#### Source records

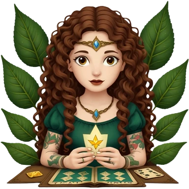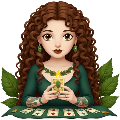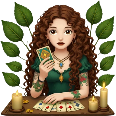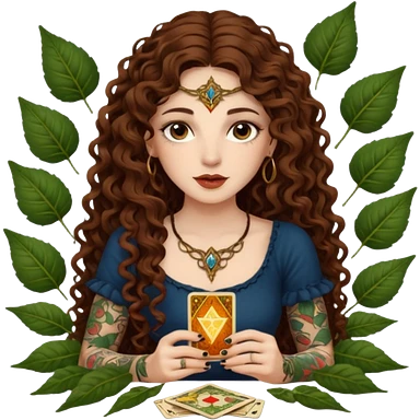 woman with long curly brown hair, brown eyes, white skin, tattoos, reading tarot cards made of leaves emoji
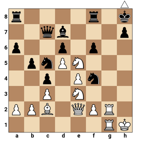 Les Blancs ont une forte attaque contre le roi noir coincé en h8. Le fou noir en c7 et les pièces lourdes défensives semblent bien placés, mais la coordination des cavaliers blancs et de la tour sur la colonne g permet de lancer un sacrifice décisif pour ouvrir les lignes autour du roi.
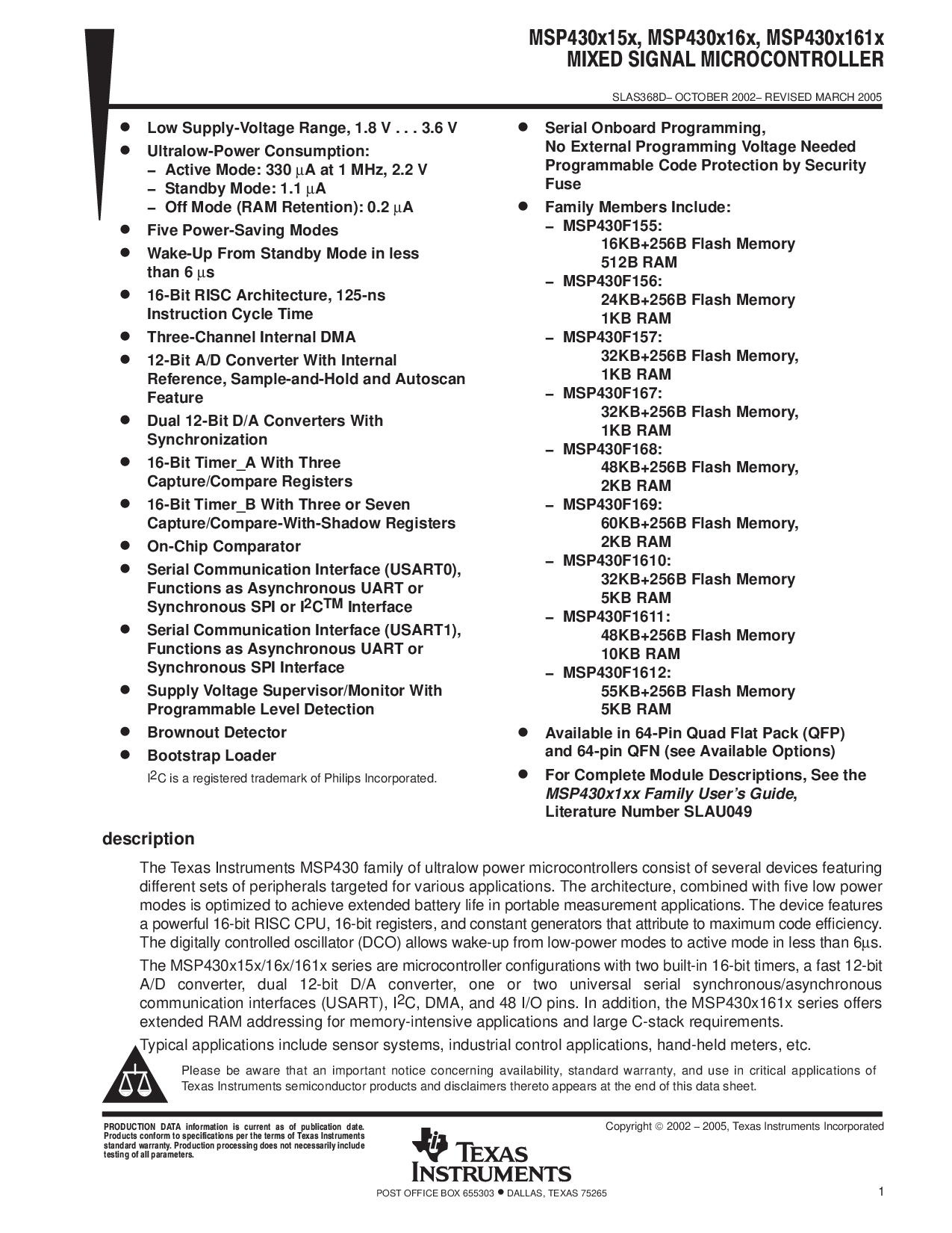 浏览型号MSP430F168IRTD的Datasheet PDF文件第2页
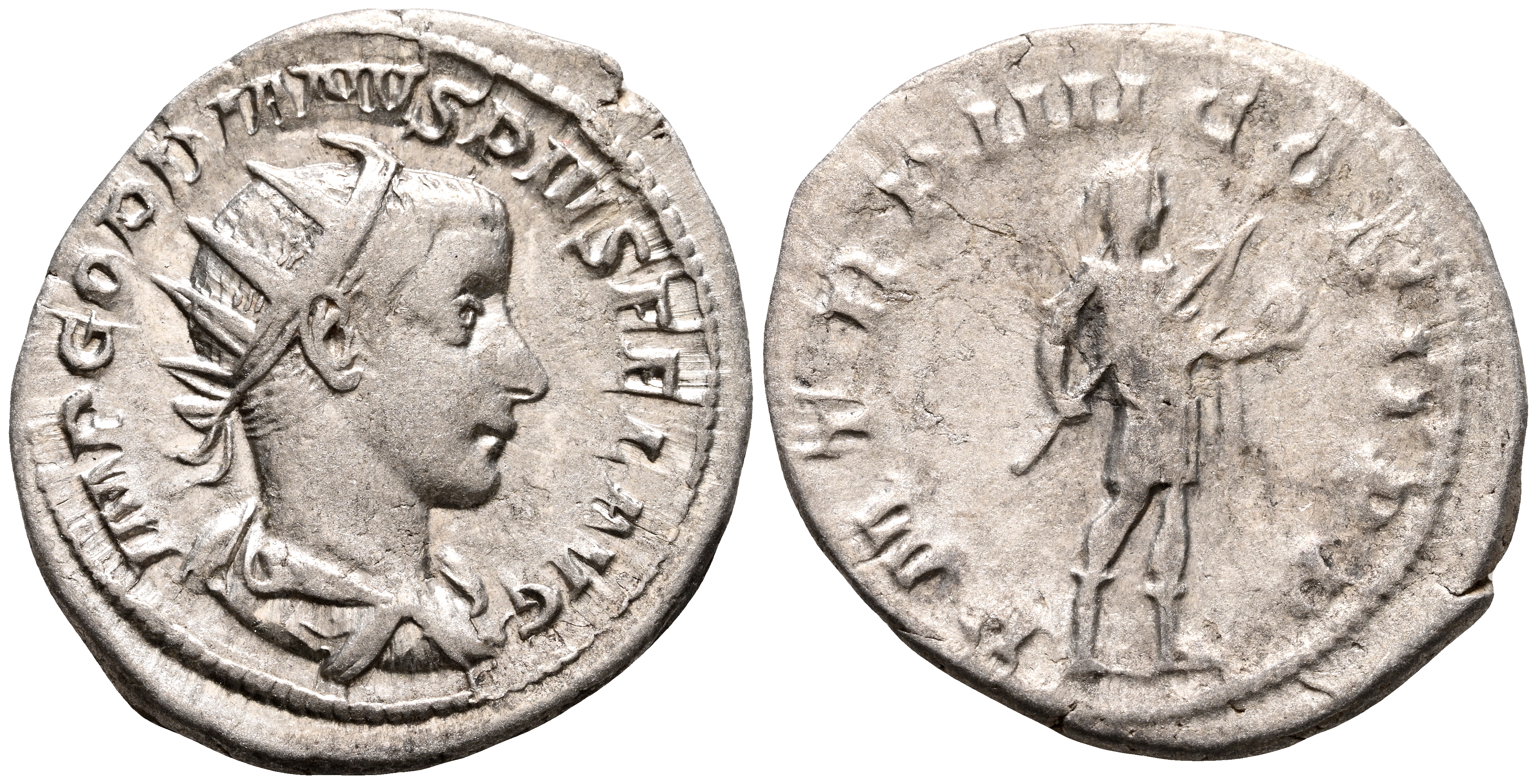GORDIANO III. Antoniniano. (Ar. 3,47g/23mm). 241-243 d.C. Roma. (RIC 92). Anv: Busto radiado y drapeado de Gordiano III a derecha, alrededor leyenda: IMP GORDIANVS PIVS FEL AVG. Rev: Gordiano III estante a derecha portando lanza y globo, alrededor leyenda: P M TR P IIII COS II P P. MBC+.
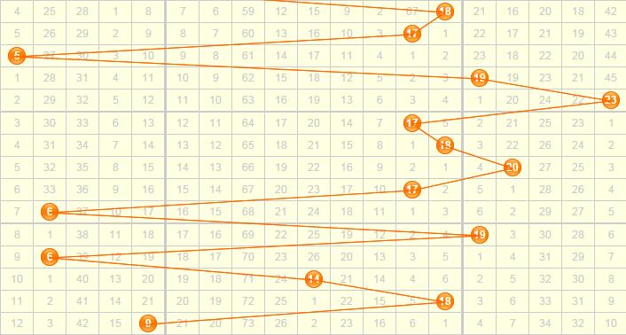 从近50期看,开出5有3次,到9、8有1次。我们从“遗漏表”中得出。首先排除2路的号,再排遗漏期数多的7、9,几率小的6、1,本期选择0、3、4。
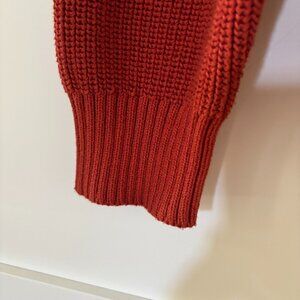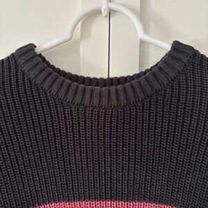 Beautiful knit with charcoal gray, pink and orange stripes.

########

What you return should be only the exact lines from the top of the entries through the line with "浏览型号MSP430F168IRTD的Datasheet PDF文件第2页", minus the pictures.

Your response
 woman with long curly brown hair, brown eyes, white skin, tattoos, reading tarot cards made of leaves emoji
 Les Blancs ont une forte attaque contre le roi noir coincé en h8. Le fou noir en c7 et les pièces lourdes défensives semblent bien placés, mais la coordination des cavaliers blancs et de la tour sur la colonne g permet de lancer un sacrifice décisif pour ouvrir les lignes autour du roi.
 浏览型号MSP430F168IRTD的Datasheet PDF文件第2页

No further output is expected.